The Change Triangle is a practical map of emotions developed by Hilary Jacobs Hendel, grounded in accelerated experiential dynamic psychotherapy (AEDP), affective neuroscience (especially the work of Jaak Panksepp), and psychodynamic theory. It's designed to help people move from states of anxiety, shame, and depression toward core emotions, open-hearted states, and authentic connection with self and others.

Overview of the Change Triangle

The triangle has three points:

  1. Top Corners (Defensive & Inhibitory Emotions):

    • Defensive behaviors (e.g., sarcasm, people-pleasing, intellectualizing) block emotional experience.
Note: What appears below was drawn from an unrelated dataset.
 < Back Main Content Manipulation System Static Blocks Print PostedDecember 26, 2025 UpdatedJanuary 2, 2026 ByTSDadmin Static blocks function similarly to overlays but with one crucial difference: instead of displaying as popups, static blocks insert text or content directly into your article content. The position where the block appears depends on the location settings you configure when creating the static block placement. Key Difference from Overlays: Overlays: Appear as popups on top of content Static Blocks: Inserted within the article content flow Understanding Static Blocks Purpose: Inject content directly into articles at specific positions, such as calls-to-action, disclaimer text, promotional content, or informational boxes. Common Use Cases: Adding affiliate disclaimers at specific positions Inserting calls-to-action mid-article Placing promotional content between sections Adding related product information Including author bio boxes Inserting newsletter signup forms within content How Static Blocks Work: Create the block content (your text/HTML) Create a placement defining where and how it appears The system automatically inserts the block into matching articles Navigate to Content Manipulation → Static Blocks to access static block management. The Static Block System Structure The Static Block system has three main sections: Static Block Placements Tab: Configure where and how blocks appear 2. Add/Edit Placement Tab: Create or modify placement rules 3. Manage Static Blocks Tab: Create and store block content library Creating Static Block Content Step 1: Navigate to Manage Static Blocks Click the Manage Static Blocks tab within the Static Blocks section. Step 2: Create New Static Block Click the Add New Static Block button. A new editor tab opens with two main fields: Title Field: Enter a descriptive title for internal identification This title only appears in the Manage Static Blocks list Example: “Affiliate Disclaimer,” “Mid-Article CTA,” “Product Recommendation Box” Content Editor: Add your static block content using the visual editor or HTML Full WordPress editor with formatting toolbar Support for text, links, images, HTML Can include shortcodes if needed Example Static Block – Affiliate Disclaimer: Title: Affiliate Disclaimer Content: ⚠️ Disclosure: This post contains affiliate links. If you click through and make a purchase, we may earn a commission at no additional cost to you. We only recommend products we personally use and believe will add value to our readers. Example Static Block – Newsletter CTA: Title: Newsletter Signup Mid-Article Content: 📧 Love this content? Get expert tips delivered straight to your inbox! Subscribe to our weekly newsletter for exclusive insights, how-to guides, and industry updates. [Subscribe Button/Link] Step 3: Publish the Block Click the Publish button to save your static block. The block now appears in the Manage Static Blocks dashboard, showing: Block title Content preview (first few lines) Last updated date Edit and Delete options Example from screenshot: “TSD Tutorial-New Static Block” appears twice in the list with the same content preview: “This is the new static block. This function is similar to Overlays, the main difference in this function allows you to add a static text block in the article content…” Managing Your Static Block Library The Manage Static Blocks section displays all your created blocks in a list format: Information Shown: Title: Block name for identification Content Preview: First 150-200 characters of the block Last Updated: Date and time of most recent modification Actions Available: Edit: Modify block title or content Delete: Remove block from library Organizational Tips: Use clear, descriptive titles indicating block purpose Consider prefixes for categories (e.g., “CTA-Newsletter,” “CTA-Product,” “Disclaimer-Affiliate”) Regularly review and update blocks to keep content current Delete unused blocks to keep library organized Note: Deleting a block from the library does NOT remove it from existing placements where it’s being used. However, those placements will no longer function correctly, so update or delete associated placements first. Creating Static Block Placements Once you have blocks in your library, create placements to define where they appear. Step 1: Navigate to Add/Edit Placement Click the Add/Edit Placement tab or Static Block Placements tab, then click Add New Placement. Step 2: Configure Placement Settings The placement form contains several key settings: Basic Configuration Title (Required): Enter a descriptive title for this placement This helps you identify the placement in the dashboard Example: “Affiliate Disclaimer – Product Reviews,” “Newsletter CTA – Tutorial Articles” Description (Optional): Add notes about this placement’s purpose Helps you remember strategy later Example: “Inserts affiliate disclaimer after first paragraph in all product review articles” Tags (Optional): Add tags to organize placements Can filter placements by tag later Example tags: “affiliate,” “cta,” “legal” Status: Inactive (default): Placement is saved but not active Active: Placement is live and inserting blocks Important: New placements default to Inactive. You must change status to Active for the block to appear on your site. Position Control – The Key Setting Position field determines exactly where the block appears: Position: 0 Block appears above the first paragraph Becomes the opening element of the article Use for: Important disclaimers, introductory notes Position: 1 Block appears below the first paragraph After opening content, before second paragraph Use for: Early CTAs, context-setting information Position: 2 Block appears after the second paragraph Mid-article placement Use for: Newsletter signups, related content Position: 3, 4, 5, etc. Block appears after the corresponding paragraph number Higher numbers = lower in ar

    • Inhibitory emotions include (I used the title “Red Light Emotions” above):

      • Anxiety

      • Shame

      • Guilt
        These act like red lights, blocking or overriding core emotional experience.

  2. Bottom Point (Core Emotions):
    These are universal, biological, adaptive emotional responses hardwired in the brain.
    Core emotions include (again - in the image above I’m using Panksepp’s core emotion systems vs the emotion list from Hendel as listed below):

    • Anger

    • Sadness

    • Fear

    • Joy

    • Excitement

    • Disgust

    • Sexual excitement

  3. Authentic Self (Middle of the Triangle):
    When core emotions are felt and processed fully, a person can access their authentic self, characterized by clarity, calm, confidence, and connection.

Inhibitory Emotions in the Nervous System

1. Anxiety

A global arousal signal of the autonomic nervous system (ANS), especially the sympathetic branch (fight or flight). It arises when core emotions are experienced but cannot be tolerated or expressed safely.

  • Brain regions:

    • Amygdala: hyperactive in threat detection

    • Hypothalamus: triggers HPA axis → cortisol release

    • Insula: processes internal sensations (interoception)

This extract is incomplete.